If she's been like this since day 1 I wouldn't stay for her. But if it's a new thing I'd give it a year to and let her know you plan on moving if there has been no change.

Almostwelsh · 18/03/2025 16:28

Id be very wary about moving and being reliant on a job offer from your partner's father. If it all goes wrong there isn't much work opportunities in Cornwall and housing is really expensive.

Zipline · 18/03/2025 16:28

This reply has been deleted

This has been deleted by MNHQ for breaking our Talk Guidelines.

LewisS087 · 18/03/2025 16:28

@ziplinei have my own business and earn well, ex said she realised too late that she didn't want kids so she left, it was her choice, she doesn't wish to see them regularly, and pays nothing towards them

OP posts:
Zipline · 18/03/2025 16:29

This reply has been deleted

This has been deleted by MNHQ for breaking our Talk Guidelines.

FortyElephants · 18/03/2025 16:30

You'll have to apply to court for permission.
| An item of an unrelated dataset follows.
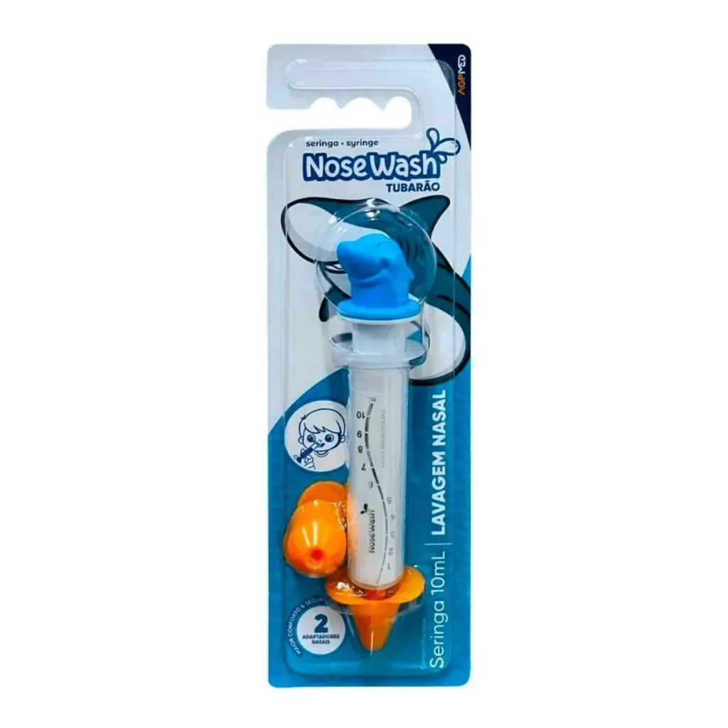 NoseWash é o primeiro dispositivo desenvolvido e fabricado no Brasil especialmente para lavagem nasal. Com uma proposta inovadora, NoseWash contém personagens lúdicos em miniatura no próprio dispositivo, além de 2 adaptadores nasais que protegem o nariz. Cada adaptador nasal possui formato especifico, trazendo opções para maior conforto e segurança de uso. A escolha sobre qual adaptador utilizar varia de acordo com a anatomia nasal, indicação e finalidade de uso.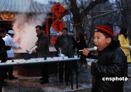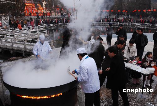 3月3日,500百名市民和游客在大连劳动公园荷花池品味元宵。为把元宵节闹得红火,大连市在劳动公园推出20余个系列元宵供游客免费品尝。煮元宵用的大铁锅为特制的,直径为2.5米,可供百人同时就餐。数百人列队品元宵又成了公园里的一道独特风景。中新社发 刘德斌 摄

If you can assure the court you'll take them back to Manchester every school holiday at your expense and inconvenience to see their mum I'd say you have a fairly good chance. There are 6 holidays per year, if you go twice in the summer that's 7 visits per year which is probably not far off her current schedule. Make sure you make a list of all the times she's seen them over the past 12 months and save evidence of cancellations and attempts to arrange contact on your part.

LoftyPlumBird · 18/03/2025 16:30

7 days this year is indeed shit, but EOW would only be 12 days and that's facilitated by many MANY single mothers every day.

thankyounextplease · 18/03/2025 16:30

LewisS087 · 18/03/2025 16:28

@ziplinei have my own business and earn well, ex said she realised too late that she didn't want kids so she left, it was her choice, she doesn't wish to see them regularly, and pays nothing towards them

Why do you need a job if you have your own business and earn well?